In the last project, you created a variety of interesting image transformations. While most of them were limited to the information at a single pixel, the Prewitt operator (used to find edges) used a small neighborhood around each pixel. In this assignment we generalize this image processing operation to use an arbitrarily-sized neighborhood surrounding a pixel.

The name for this operation is convolution, where the resulting colors at each pixel are a linear combination of the surrounding pixels, and it plays a central role in today's computer vision and machine learning-driven technology for image and object recognition. The backbone of the convolutional neural network is indeed the convolution operation, because it identifies local image regions that match properties of the kernel. Sometimes the kernel is called a filter and the operation filtering.

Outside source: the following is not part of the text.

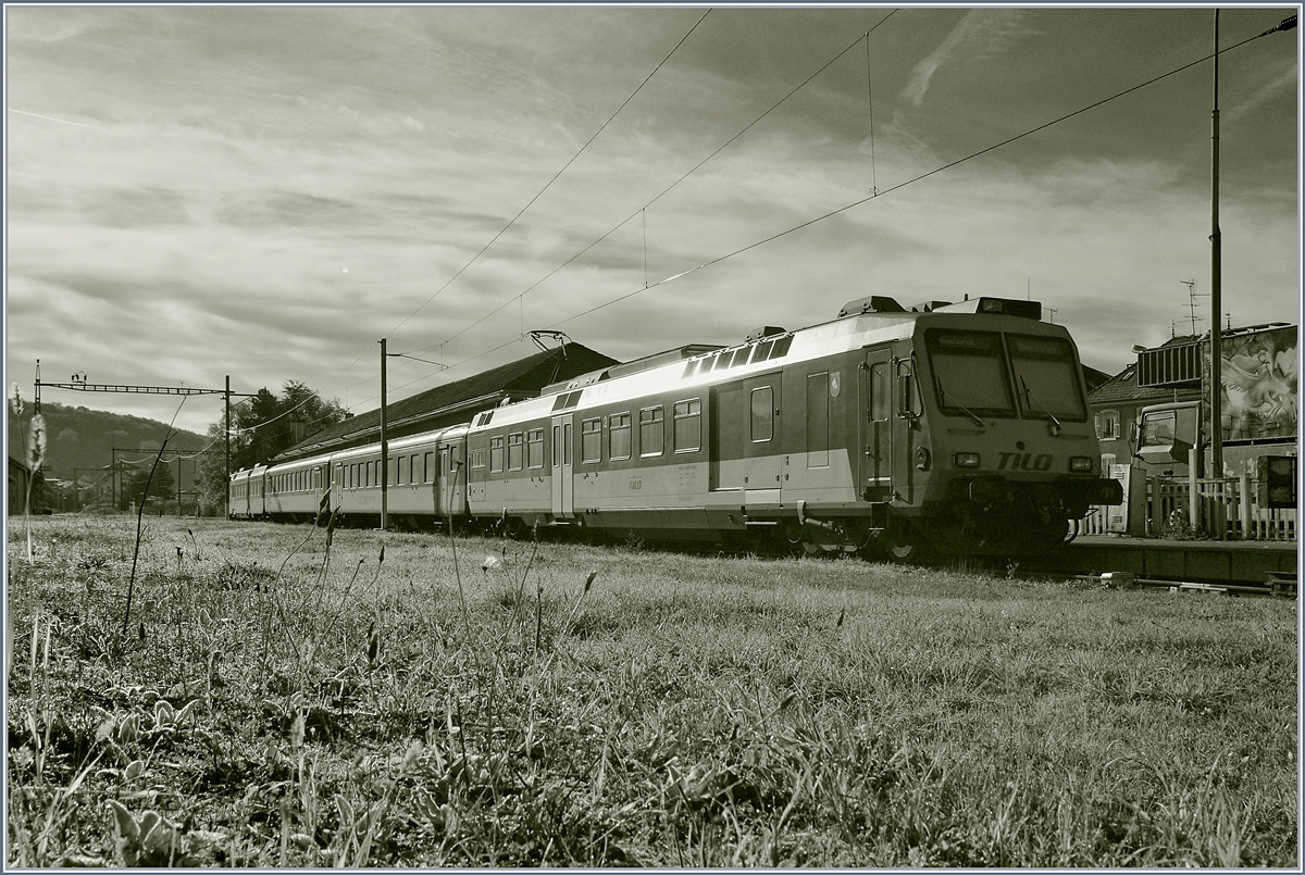 Der SBB RABe 522 209 erreicht den zur Wiederinbetriebnahme (ab 9.12.2018) der Strecke nach Belfort komplet neu gestalteten Bahnhof Delle.

The kernel is a small grid of weights used to calculate the contribution of each pixel to the final value. For example, to locate edges, you used following two kernels:

KHoriz=
10-1
20-2
10-1
KVert=
121
000
-1-2-1

The next section will detail how the convolution is to be calculated.

Convolution

For every pixel in an image, imagine overlaying the kernel centered at that pixel. As an example, consider a 3×3 window around a pixel located at row and column [r, c], the coordinates of the pixels in this neighborhood would be:

[r-1, c-1] [r-1, c] [r-1, c+1]
[r, c-1] [r,c] [r, c+1]
[r+1, c-1] [r+1, c] [r+1, c+1]

To calculate result of the convolution at [r, c] for a specific color channel (i.e., Red, Green, or Blue), one would multiply the kernel with the color brightness of the pixel at the corresponding location and sum up the resulting products.

For example, if the brightnesses at the locations above were given by the values

a b c
d e f
g h i

and the kernel contained the values

r s t
u v w
x y z

then the convolution at that location (for that channel) would be given by the value

a×r + b×s +c×t + d×u + e×v + f×w + g×x + h×y + i×z

The same so-called sum-product is then calculated at every location in the image, for each color channel.

Although a different kernel might be used for each color channel, we will simplify matters by using the same kernel for each color channel.

One must decide what to do when the kernel "overhangs" the edge of the image. Because there are no image pixels to act as multipliers, we choose to avoid calculations at these locations in the output image, and ensure they are set to black

Finally, because of the limited range of the unsigned char type used to store the results, it can be useful to include a bias term that also gets added to the sum-product.

Assignment

Implement your program in a file called convolve.c

To simplify the definition of the kernel center as well as the resulting mathematical and iterative operations, you may take as a precondition that the size of the kernel along either dimension must be odd.

0. Handling Borders

Because we want the unassignable borders of the resulting image to be all black, you may use the following function to accomplish this. It utilizes the standard library routine bzero, taking advantage of the fact that the 2D array of Pixels is stored contiguously in memory, and the three color channels which make up each Pixel are also contiguous, allowing us to simply set a big chunk of memory to zero.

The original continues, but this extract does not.